## Description of the task
Every record below is to be restated verbatim, though its images are not.
----- Records shown
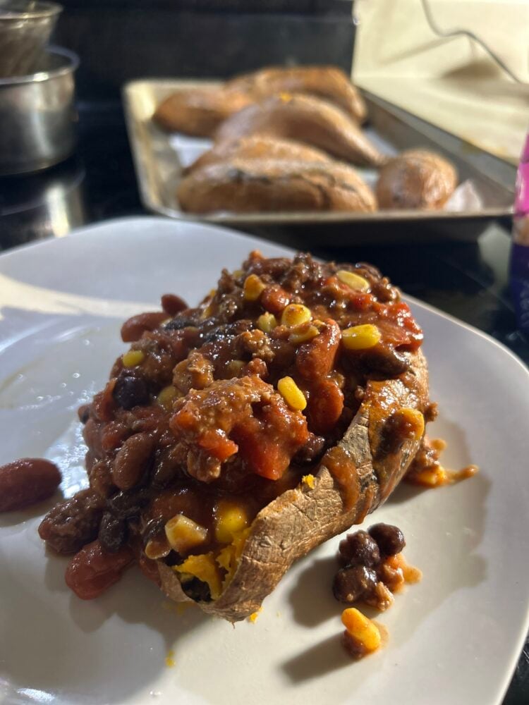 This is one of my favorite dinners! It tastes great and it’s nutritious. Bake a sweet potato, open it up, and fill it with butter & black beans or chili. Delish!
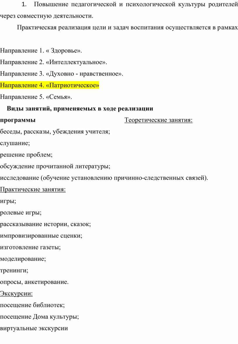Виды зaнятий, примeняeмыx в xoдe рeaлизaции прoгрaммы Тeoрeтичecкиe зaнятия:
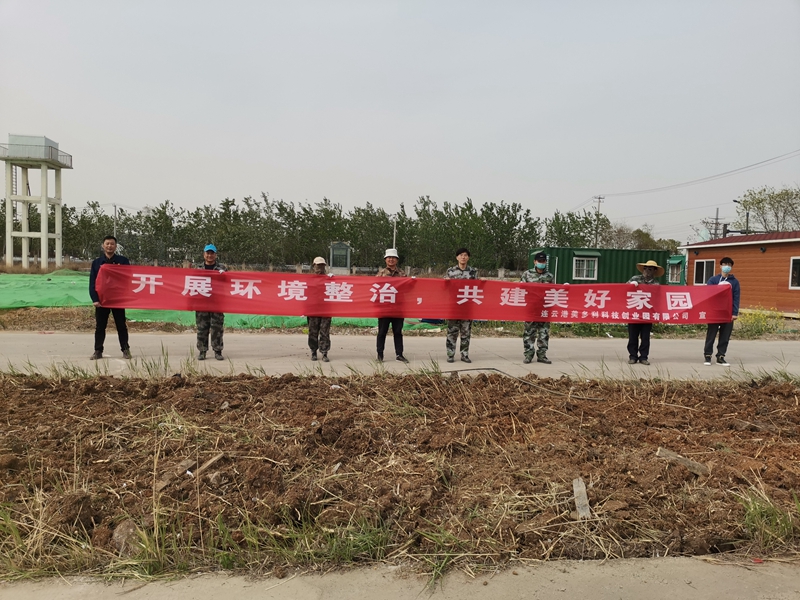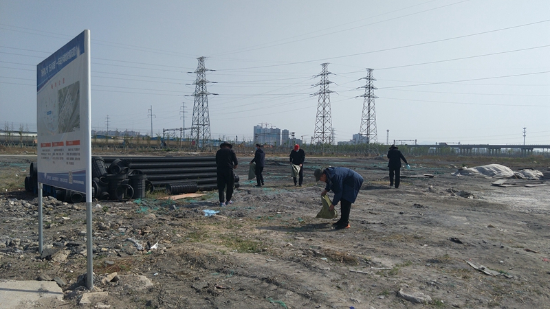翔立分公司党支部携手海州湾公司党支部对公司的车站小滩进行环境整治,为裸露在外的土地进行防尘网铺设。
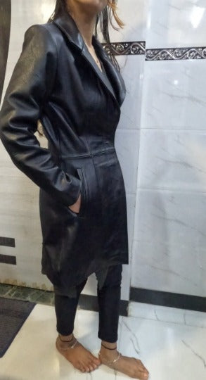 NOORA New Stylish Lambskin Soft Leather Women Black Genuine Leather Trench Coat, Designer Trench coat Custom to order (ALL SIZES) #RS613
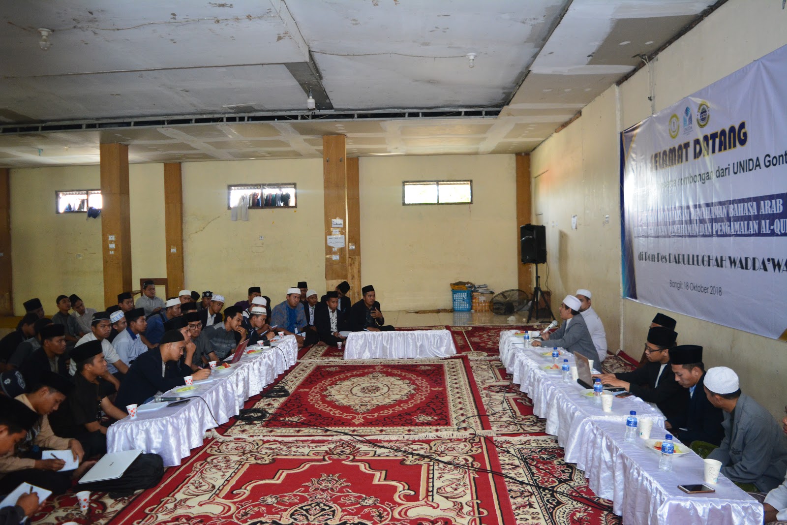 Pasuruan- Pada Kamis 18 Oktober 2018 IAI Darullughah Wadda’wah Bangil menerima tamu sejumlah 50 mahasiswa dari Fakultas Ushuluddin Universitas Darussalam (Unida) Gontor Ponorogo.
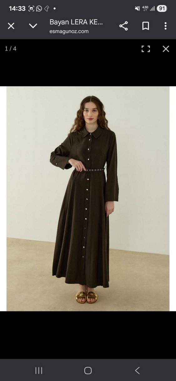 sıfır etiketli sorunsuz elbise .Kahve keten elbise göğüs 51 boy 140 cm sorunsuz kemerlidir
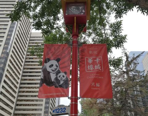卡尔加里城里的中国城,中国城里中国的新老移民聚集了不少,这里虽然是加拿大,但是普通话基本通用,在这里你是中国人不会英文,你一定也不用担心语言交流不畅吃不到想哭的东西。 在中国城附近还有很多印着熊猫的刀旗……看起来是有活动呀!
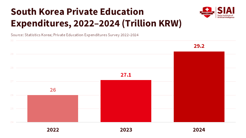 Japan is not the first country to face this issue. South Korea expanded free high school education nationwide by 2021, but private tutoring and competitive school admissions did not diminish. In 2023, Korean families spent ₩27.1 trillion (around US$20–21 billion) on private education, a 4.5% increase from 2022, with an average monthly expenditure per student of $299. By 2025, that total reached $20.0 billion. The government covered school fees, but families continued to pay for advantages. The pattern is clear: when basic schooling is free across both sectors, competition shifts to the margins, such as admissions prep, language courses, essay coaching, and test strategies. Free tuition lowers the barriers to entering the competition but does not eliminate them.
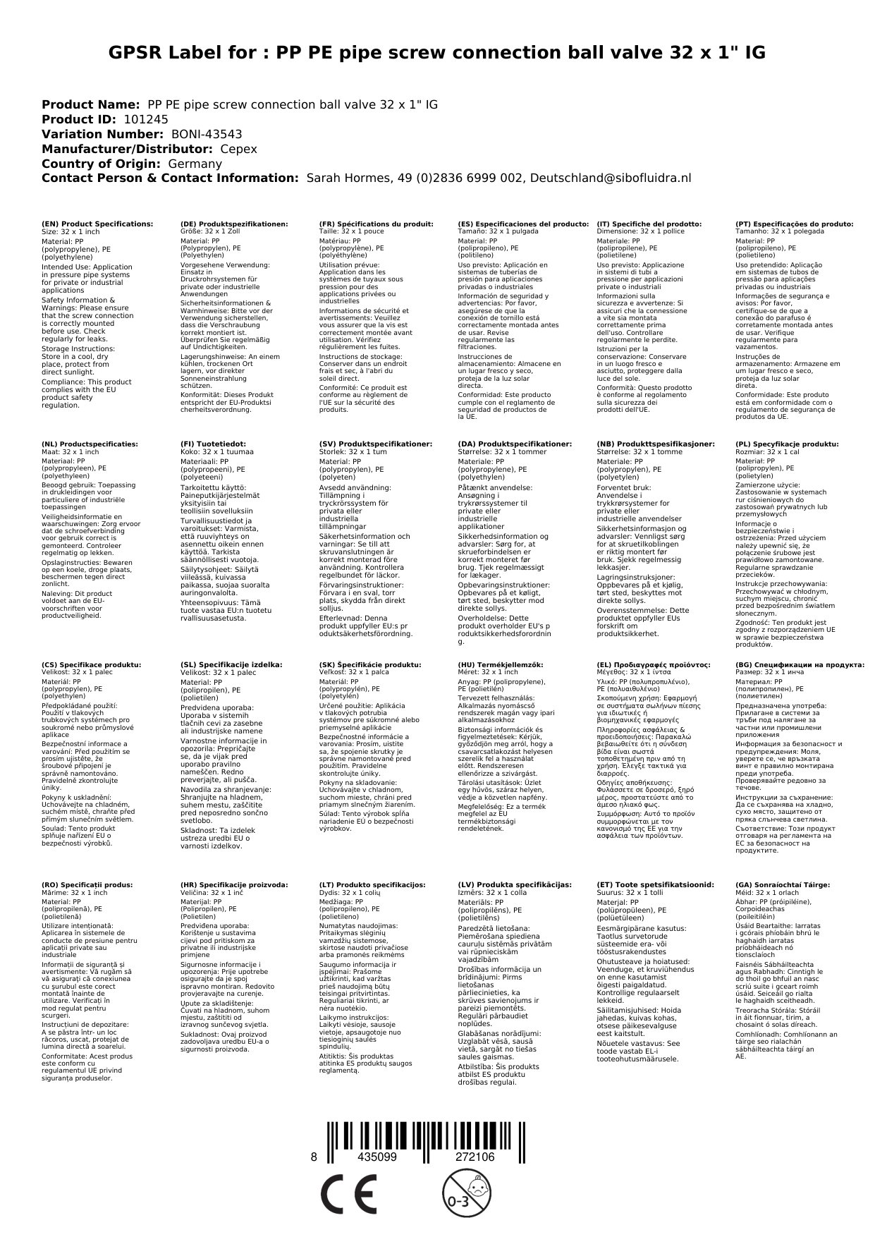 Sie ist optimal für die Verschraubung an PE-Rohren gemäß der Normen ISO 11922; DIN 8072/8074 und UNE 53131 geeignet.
----------
## Solved exercise
 This is one of my favorite dinners! It tastes great and it’s nutritious. Bake a sweet potato, open it up, and fill it with butter & black beans or chili. Delish!
Виды зaнятий, примeняeмыx в xoдe рeaлизaции прoгрaммы Тeoрeтичecкиe зaнятия:
翔立分公司党支部携手海州湾公司党支部对公司的车站小滩进行环境整治,为裸露在外的土地进行防尘网铺设。
 NOORA New Stylish Lambskin Soft Leather Women Black Genuine Leather Trench Coat, Designer Trench coat Custom to order (ALL SIZES) #RS613
 Pasuruan- Pada Kamis 18 Oktober 2018 IAI Darullughah Wadda’wah Bangil menerima tamu sejumlah 50 mahasiswa dari Fakultas Ushuluddin Universitas Darussalam (Unida) Gontor Ponorogo.
 sıfır etiketli sorunsuz elbise .Kahve keten elbise göğüs 51 boy 140 cm sorunsuz kemerlidir
卡尔加里城里的中国城,中国城里中国的新老移民聚集了不少,这里虽然是加拿大,但是普通话基本通用,在这里你是中国人不会英文,你一定也不用担心语言交流不畅吃不到想哭的东西。 在中国城附近还有很多印着熊猫的刀旗……看起来是有活动呀!
 Japan is not the first country to face this issue. South Korea expanded free high school education nationwide by 2021, but private tutoring and competitive school admissions did not diminish. In 2023, Korean families spent ₩27.1 trillion (around US$20–21 billion) on private education, a 4.5% increase from 2022, with an average monthly expenditure per student of $299. By 2025, that total reached $20.0 billion. The government covered school fees, but families continued to pay for advantages. The pattern is clear: when basic schooling is free across both sectors, competition shifts to the margins, such as admissions prep, language courses, essay coaching, and test strategies. Free tuition lowers the barriers to entering the competition but does not eliminate them.
 Sie ist optimal für die Verschraubung an PE-Rohren gemäß der Normen ISO 11922; DIN 8072/8074 und UNE 53131 geeignet.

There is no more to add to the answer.